You've got talent. You've got some training under your belt. You may even have some bucks in the bank to help when you arrive in New York City to begin driving toward your dream. And with luck, soon you'll be cast in a lucrative project.
But while luck can be a lady, as the song goes, she can also be fickle, so you're probably going to need to find a way to pay your bills in the mean time.
While some early-career performers may pursue and accept a full-time permanent job, such a job can tend to sidetrack you into a situation that has little to do with your performing career. To avoid that pitfall, most performers seek work through temporary services.
Back Stage spoke with representatives from a number of temp agencies to gauge what kind of work is available, what you can expect to be paid, and which jobs offer you the most in terms of flexibility.
First, there is the temp market itself, which has fluctuated through the years. For instance, if you had come to New York City in the late 1990s, you would have encountered an employment boom, with temp workers in great demand. Following the famous dot-com bust -- and certainly after Sept. 11 -- the temp market shrank.
Now things are heating up again. Lenore Indig of Staffing Unlimited says, "Oh, my God, things are huge. We're busy!," and she finds this to be true for all job categories, from custodial work (approximately $10 per hour) to high-end graphics production (about $55 per hour). Staffing Unlimited also places nurses in temp assignments: LNs (limited nurses) can earn $18-$23 per hour; RNs (registered nurses) can earn $30-$35 per hour.
Carlos Cubas, regional operations manager for the Tuttle Agency (www.tuttleagency.com), shares Indig's optimism. "It's a wonderful, thriving business now," he says. Tuttle services the hospitality and warehouse and maintenance industries, but the company's specialty is office support. He also likes what people in the performing arts can bring to the business world: "Actors can manage their language and presentation to meet the needs of clients that have very specific environments. It's another kind of role-playing, really." And Katherine Nieves of Vanguard Temporaries (www.temporarypersonnel.com) concurs, noting how actors tend to have "bubbly personalities" and are reliable and flexible in terms of the jobs they're willing to accept.

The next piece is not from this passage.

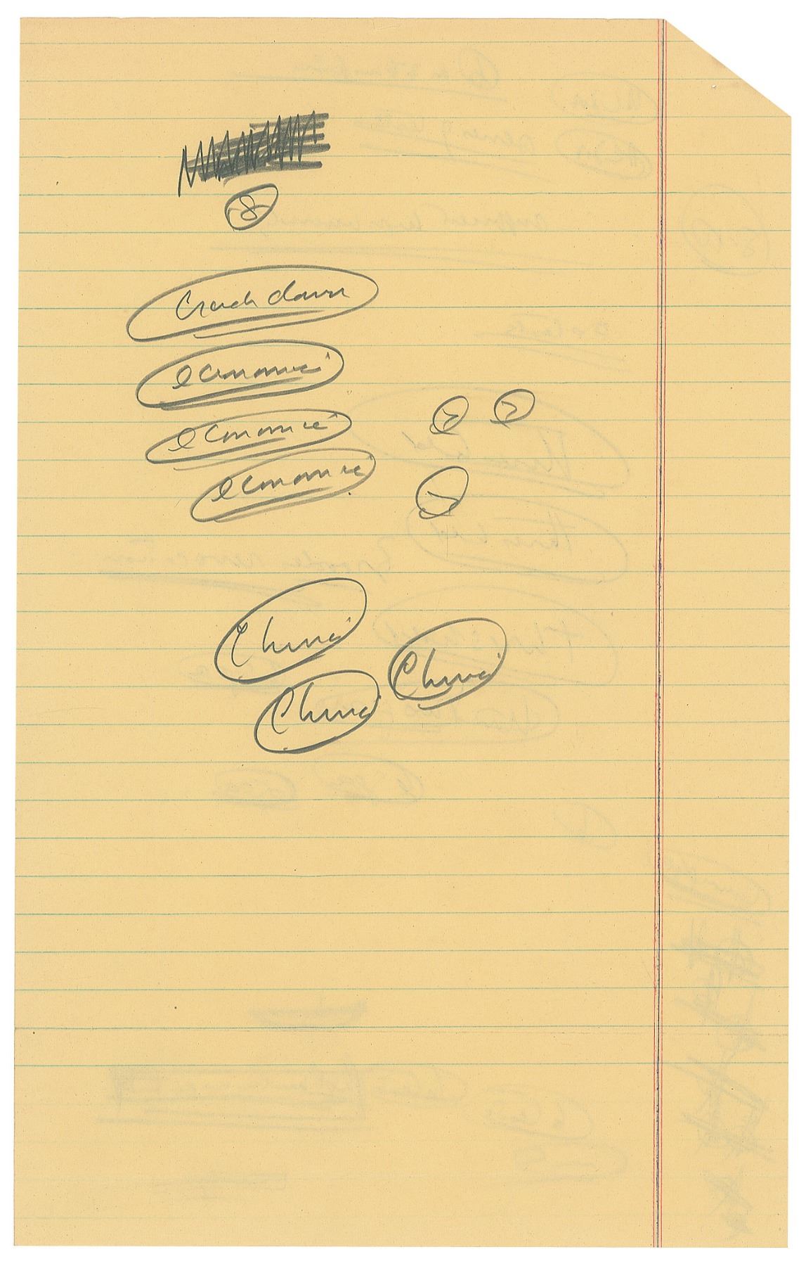 President Kennedy Handwritten Notes and Doodles on yellow lined loose leaf page—double sided, oversized,

Cubas also notes that some assignments call for special skills and that temp companies generally have standard tests to help assess a prospective worker's skill set. Some temp agencies offer tutorials or other training to help get you up to speed.
Yet there may be jobs available to you even if you never learned Microsoft Word or Excel during your college years because you were too busy taking that extra voice seminar or dance class. These jobs -- for receptionists, junior clerks (filing, faxing, phoning), and customer service -- typically pay $10-$15 per hour. Data entry clerks can expect to earn about $13 per hour. Junior administrative assistants can make $15-$20 per hour, while senior administrative assistants and legal secretaries can earn $20 or more per hour. Warehouse workers, by contrast, may start at minimum wage ($6 per hour in New York State, scheduled to rise to $6.75 on Jan. 1, 2006) and go only as high as $8 per hour.
Waitperson and catering jobs have traditionally -- nay, stereotypically -- attracted actors. Catering assignments tend to be short-term, so you can easily fit them into your audition, rehearsal, and performance schedule. Javier Vasquez of Waiters New York & More (www.waitersnewyork.com) says his company maintains a database with the names of more than 200 available workers. Those who've proved most reliable are at the top of the list. It's no problem if you turn down an assignment, but it helps to keep the service informed of your acting-related conflicts. What "cater waiter" jobs pay depends largely on the client's budget. Hourly pay tends to be $15-$20, but gratuities can add up.
Telemarketing -- a job that may aid you in learning how to cope with rejection in your performing career -- is another avenue of employment. Typically, telemarketing jobs pay $11-$12 per hour, but when you close a deal, it may also involve a lucrative commission. Damian Vondenhaus hires workers for high-end telemarketing. He points out that the work is not for everyone. You need a "good ear" to assess the interest of your contacts, along with the ability to tell a story in 90 seconds. But the hours do tend to be flexible.
If you have solid academic skills, you might consider teaching or tutoring. Sue Menon works for Kaplan Test Prep and Admissions (www.kaptest.com), which helps prepare students for standard exams such as the SAT. If you've recently scored in the 90th percentile on a test you want to teach, you may apply and be called for an interview. (If you haven't tested recently, you can take Kaplan's own test.) Once you commit to a six-week course, there's no backing out. Kaplan pays teachers $20 per hour for classroom time and $7 per hour for training and prep time. Tutoring assignments are handled through a subsidiary company, Kaplan Premier.
Alan Roberts of the Aldan Troy Group (www.aldantroygroup.com) notes that temps willing to work jobs during the second (evening), third (night), or weekend shifts can earn somewhat more than day-shifters due to a "shift differential." Second- and third-shift legal and financial proofreaders, for example, are especially in demand. A handful of training programs for proofreaders can be found throughout the city; this work typically pays $14-$20 per hour, depending on your experience and expertise.